Le diverse soluzioni cui è pervenuta la Corte di legittimità impongono qualche riflessione.

In effetti, la legge n.104/1992 non prevede alcuna “graduatoria” tra i soggetti che prestano assistenza al familiare disabile, in considerazione del fatto che ciò che rileva è la circostanza che il soggetto che presta l’assistenza è l’unico familiare in grado di farlo, vuoi per mancanza di altri familiari, vuoi perché i medesimi non possono prestare l’assistenza stessa (si pensi al caso del soggetto invalido, con due figli di cui uno domiciliato a centinaia di chilometri).

La ratio della l. n. 104/1992 non è dunque quella di stabilire una gerarchia sulla base del rapporto di parentela, ma di consentire a quel familiare che presta l’assistenza di essere vicino al soggetto disabile.

In effetti, le disposizioni contenute nel CCNI sulla mobilità del comparto scuola contengono una discriminazione tra i soggetti che prestano l’assistenza al familiare disabile, attribuendo una precedenza ad alcuni e negandola ad altri, sulla base del rapporto di parentela e finendo così per limitare, se non negare, quei diritti garantiti dalla citata l.n. 104/1992, a tutela in primo luogo del soggetto disabile.

E’ appena il caso di ricordare che le disposizioni contenute nella citata legge sono dirette a tutelare diritti di rilevanza costituzionale, quali quelli sottesi al diritto alla salute, alla solidarietà sociale e alla tutela dei disabili, discendenti dalle disposizioni di cui agli artt. 2, 3, 29 e 32 Cost.

Peraltro, come supra ricordato, i principi contenuti nell’art. 33, l. n. 104/1992 vanno certamente applicati al comparto scuola, in quanto richiamati dall’art. 601 D. Lgs. n. 297/1994, che prevede espressamente l’applicazione degli articoli 21 e 33 della legge quadro 5 febbraio 1992 n. 104 al personale della scuola , sia ai fini della nomina in ruolo, sia ai fini della mobilità.

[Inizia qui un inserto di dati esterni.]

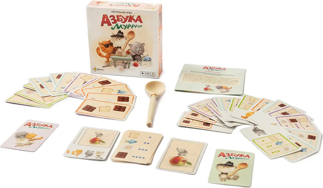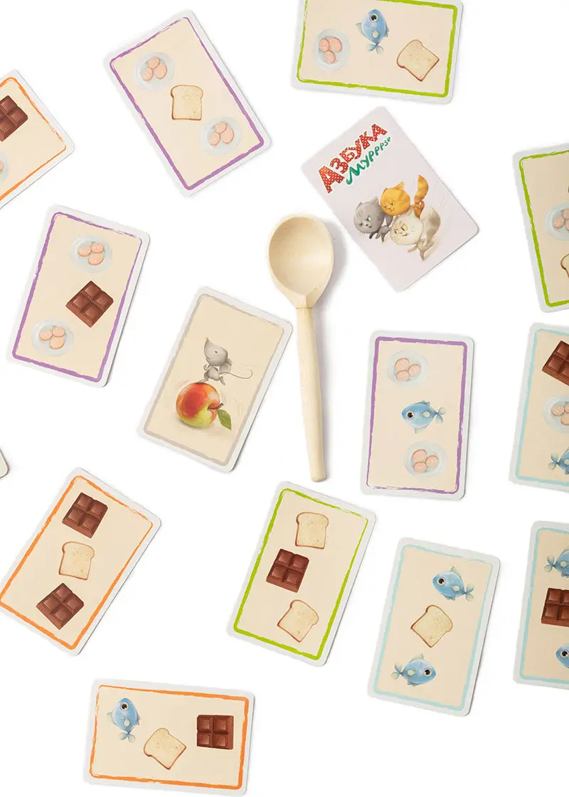 Настольная игра Азбука Мурррзе от бренда Эврикус – активная, яркая, с забавной темой. Игра основана на количестве слогов в словах. Каждый слог отбивается ударом ложки о стол, а число ударов определяет слово. Игра помогает детям почувствовать слоговую структуру слова.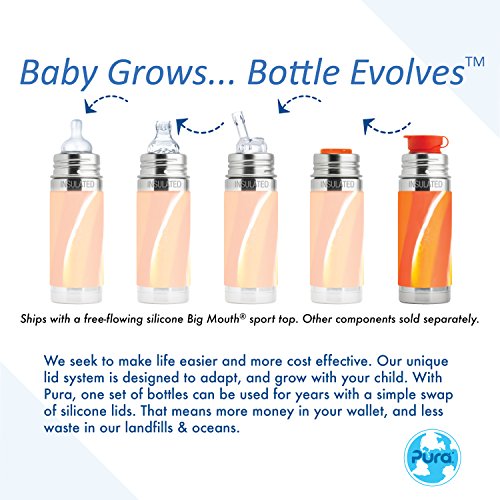 Pura 9 OZ / 260 ML Stainless Steel Insulated Kids Sport Bottle with Silicone Sport Flip Cap & Sleeve, Orange (Plastic Free, Nontoxic Certified, BPA Free)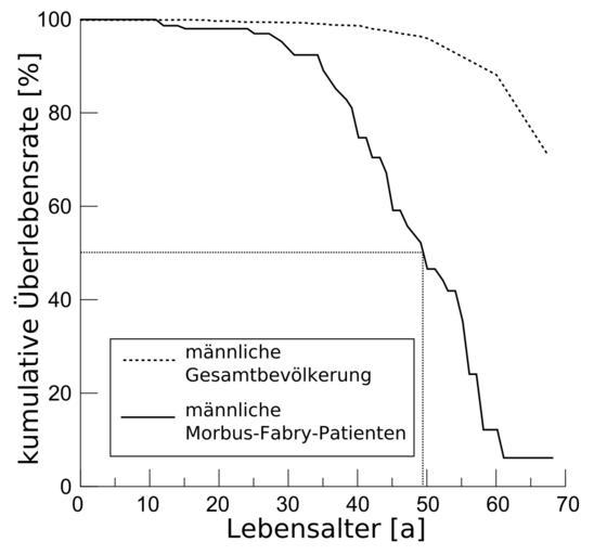 Keywords: Morbus Fabry survival male.svg Die kumulative à berlebensrate von männlichen Morbus-Fabry-Patienten im Vergleich zur männlichen Gesamtbevölkerung own work data taken from K D MacDermot A Holmes A H Miners Anderson-Fabry disease clinical manifestations and impact of disease in a cohort of 98 hemizygous males In Journal of medical genetics Volume 38 Number 11 November 2001 pp 750 “760 ISSN 1468-6244 PMID 11694547 PMC 173476 2011-09-03 Kuebi Armin Kübelbeck Cc-zero Fabry disease |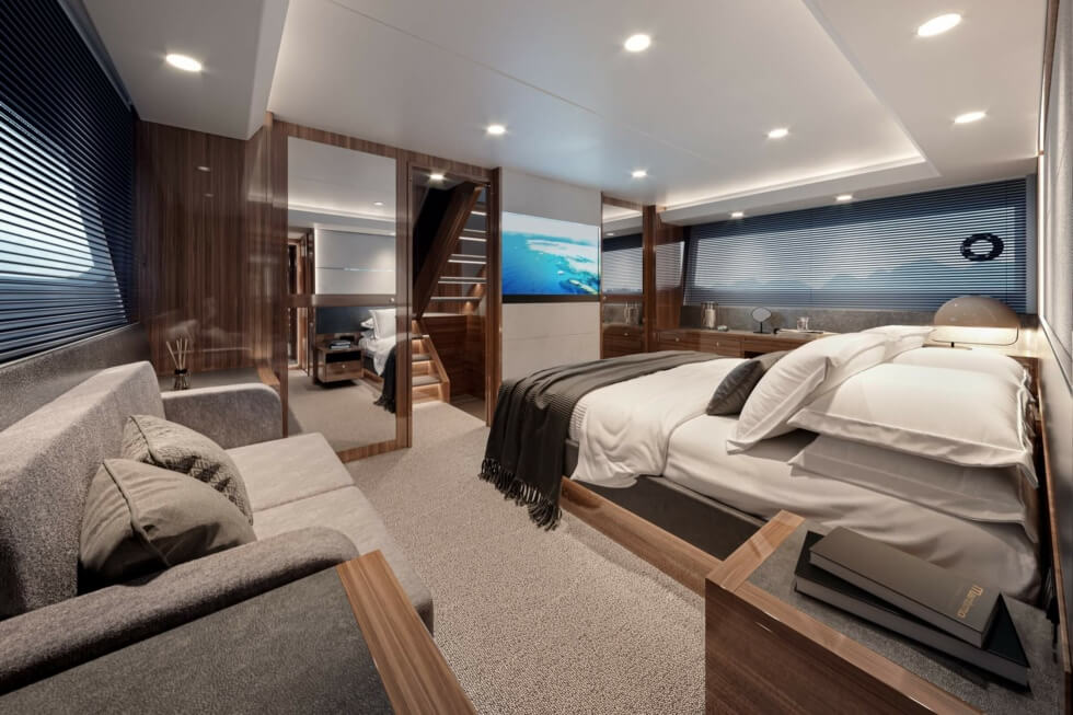 Although more modest in size than other stately vessels, this yacht is not lacking when it comes to the finer things in life. At 75 feet, there’s plenty of space for owners to kit out according to their opulent tastes. The shipyard describes her as sporty with “sleek Portofino hips” and a profile that conveys agility over water.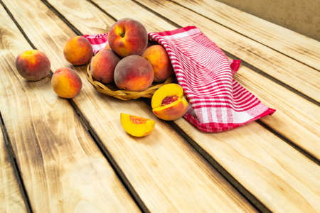 Peaches in a wicker plate and a red napkin close-up. Wooden background
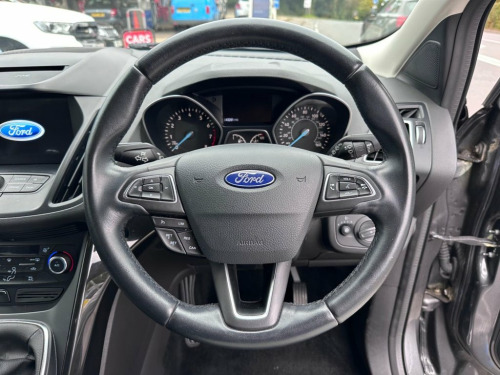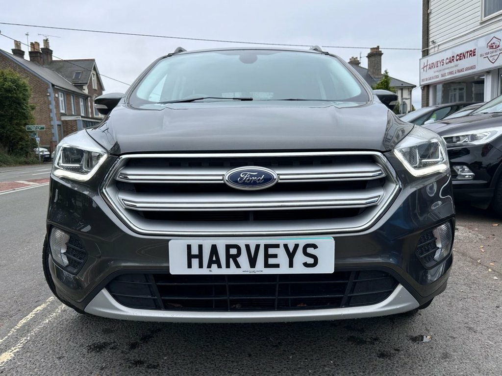 SERVICE HISTORY MOT JUNE 2026. This 2017 Ford Kuga T Titanium presents an exceptional opportunity with its remarkably low mileage of just 43,000 miles. This Euro 6 compliant 1.5 litre petrol model offers a refined driving experience,  Powered by an efficient 1.5 litre petrol engine meeting Euro 6 emissions standards & enhanced by its Titanium trim. Key features include automatic halogen headlights with distinctive LED daytime running lights, ensuring excellent visibility. Convenience is paramount with keyless entry and opening, allowing seamless access to the vehicle.  The Ford Kuga  stands out with its impressive fuel economy, achieving an excellent average 45 miles per gallon, making it a cost effective choice for both daily commutes and longer journeys. The interior boasts DEATC dual zone electronic automatic temperature control, providing individual climate settings for driver and passenger comfort. For effortless parking, rear parking sensors are fitted, assisting you in tight spaces. The SYNC 3 system, complete with an 8 inch colour touchscreen, offers Bluetooth connectivity for handsfree calls and music streaming, voice control, a USB port, and emergency assistance. These carefully selected features demonstrate the superior level of comfort and technology this Kuga offers compared to other vehicles in its class. Carplay/Android Auto will help you keep in touch on the move while you listen to your favourite tunes! A stunning desirable example. 17in Alloy Wheels - 5x2 Spoke, Accessory Power Socket - 12V, Accessory Power Socket - 12v in Luggage , Airbags - Driver and Front Passenger, Airbags - Drivers and Front Passenger Fr, Airbags - Drivers Knee, Airbags - Front Side Impact, Armrest - Folding Centre - Rear, Audible Text Messaging - Voice Control a, Automatic Dimming Rear View Mirror, Automatic Halogen Headlights with LED Da, Automatic Headlights - Rain Sensing Wipe, Centre Console, Child Locks - Manually Adjustable Rear D, Courtesy Light - Footwell Illumination, Courtesy Light - Front and Rear, Cruise Control with Active Speed Limiter, DEATC - Dual-Zone Electronic Automatic T, Door Lever - Chrome Finish, Electric Parking Brake, El

Occorre inoltre considerare che subordinare diritti costituzionalmente rilevanti – quali quelli sottesi al diritto alla salute, alla solidarietà sociale, alla tutela dei disabili -ad esigenze organizzative dell’istituzione scolastica, pur essendo astrattamente condivisibile, porterebbe in realtà ad un eccessivo sbilanciamento degli interessi, dando un’eccessiva preponderanza a quelli organizzativi del datore di lavoro rispetto a quelli, attinenti alla persona (e discendenti dalle disposizioni costituzionali ex artt. 2, 3, 29 e 32 Cost.) propri del lavoratore che assiste il familiare disabile in situazione di gravità.

In questo senso, va condivisa la scelta operata da Cass. n.6150/2019 che -al fine dell’equo bilanciamento di interessi -ha ritenuto la necessità da parte datoriale non solo di allegare e comprovare le “esigenze tecniche, organizzative e produttive”, ma di dimostrare che tali esigenze siano effettive e non suscettibili di essere diversamente soddisfatte”.

                                                                   Avv. Francesco Orecchioni

 

[1] La prima riguarda il contratto dei conservatori, la seconda il settore delle Poste.

[2] In via eccezionale, viene la precedenza in favore di fratelli o sorelle conviventi, qualora i genitori siano impossibilitati a prestare assistenza in quanto totalmente inabili.

[3] Sarebbe più logico infatti -oltre che consentire al figlio che già lavora in provincia – permettere a maggior ragione al figlio lontano di poter lavorare almeno all’interno della provincia, dove risiede il genitore disabile.